Climate risk country profile: Marshall Islands
This profile is intended to serve as public goods to facilitate upstream country diagnostics, policy dialogue, and strategic planning by providing comprehensive overviews of trends and projected changes in key climate parameters, sector-specific implications, relevant policies and programs, adaptation priorities and opportunities for further actions. As part of the larger island grouping of Micronesia, the Republic of the Marshall Islands (RMI) consists of two groups of atolls and islands in the Central North Pacific Ocean about 3,200 kilometres (km) away from both Honolulu and Tokyo. In addition to this dependence on external assistance, the RMI faces a variety of social vulnerabilities, much like many other small island developing states (SIDS).The Marshall Islands face a high risk of cyclones, and the low-lying islands are susceptible to coastal floods and tsunamis.Extreme heat and drought conditions have also recently affected the islands.
This climate risk assessment report provides a number of key messages on the climate risk future of the Marshall Islands, including:
- The Republic of the Marshall Islands’ (RMI) island groups have experienced warming of around 0.6°C since 1980.

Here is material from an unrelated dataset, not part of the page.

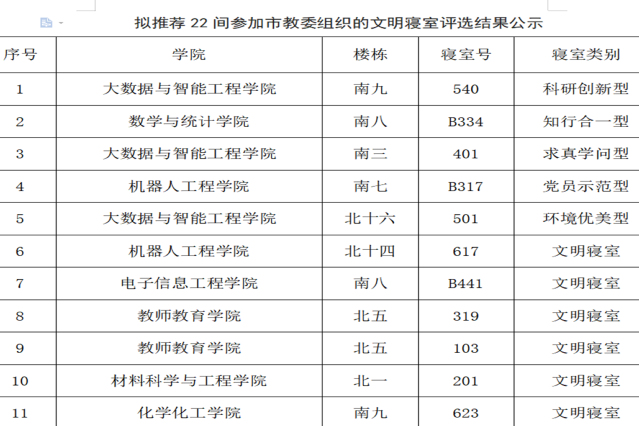 活动初期,各班班导师通过班团会时间积极宣传本次评选工作的评选要求、方式、规则等具体情况,确保本次评选活动得以人人知晓,以增加活动的参与度。在评选环节中,我院领导、老师秉承着公平、公正、公开的原则进行初评,再上报至学校进一步进行评选。最后,经过学院、学校领导、老师、宿舍阿姨的实地走访,共计评选出校级“科研创新型”宿舍两间、“党员示范型”宿舍一间、“环境优美型”宿舍一间、“行合一型”宿舍一间、“求真学问型”宿舍一间。其中,南苑九舍623舍推至重庆市参与市教委文明寝室的评选。

- Future trends in warming are obscured by the inability of climate models to accurately simulate trends at sufficiently small spatial scales. Warming is likely to take place at a rate slightly lower than the global average. On the highest emissions pathway (RCP8.5) warming of around 2.8°C is projected by the end of the century.
- Potential threats to human well-being and natural ecosystems include increased prevalence of heatwave, intensified cyclones, saline intrusion, wave-driven flooding, and permanent inundation.
- RMI’s population already lives in a dynamic ecosystem, to which it has adapted, but climate change is likely to increase its variability, pose new threats, and place stress on livelihoods.